• iridescent •
i-rê-de-sênt • Hear it!
Part of Speech: Adjective
Meaning: Displaying a rainbow of colors, shimmering with an array of multiple bright colors.
Notes: Today's Good Word is a beautiful one in both sound and meaning. It is related to irises, both the flowers and the colorful part of the eye. The adverb and noun are formed the usual way, iridescently and iridescence. (In the spoken language, that is simply the addition of the suffix -s to the adjective: [irÍdesÍnt] becomes [irÍdesÍnt-s.)
In Play: Certain objects are by their very nature iridescent: "Maude Lynn Dresser was the center of attention when she walked in with a new hat spuming iridescent peacock feathers." If you are an environmentalist, though, iridescence may not always be a beautiful sight: "The president of the oil plant wore a ring with an iridescent gemstone that matched perfectly the colors in the film of oil on the surface of the creek that ran by the plant."

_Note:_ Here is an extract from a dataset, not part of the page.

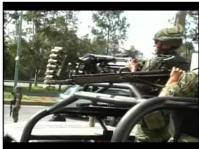
Ejército federal ejerciendo la violencia de Estado.

Usan a sus mejores cuadros públicos el Estado y la IP, para dramatizar el papel de víctimas con el que según ellos, compra el derecho para exigir la continuación de la política de criminalización de la

Word History: The beauty of today's word comes from Greek iris (plural irides) "rainbow, iris (of the eye)" + (e)scent. The word for "rainbow" today is arco-íris in Portuguese and arcoíris in Spanish. Latin added the sense of the flower, iris, when it borrowed the word from Greek. The root of iris developed directly into Latin as viere "to twist", suggesting that iris is a suffixed form of Proto-Indo-European wi-ri- "to turn, twist". This same root turned up in English as wire, vine, and with "slender, supple switch"—maybe willow, too. The semantic journey through Greek led from something that is colorful and arched (a rainbow) to anything as colorful as a rainbow. (Let us all bend at the waist in the direction of Tom Duffy for suggesting such a colorful word as our Good Word of today.)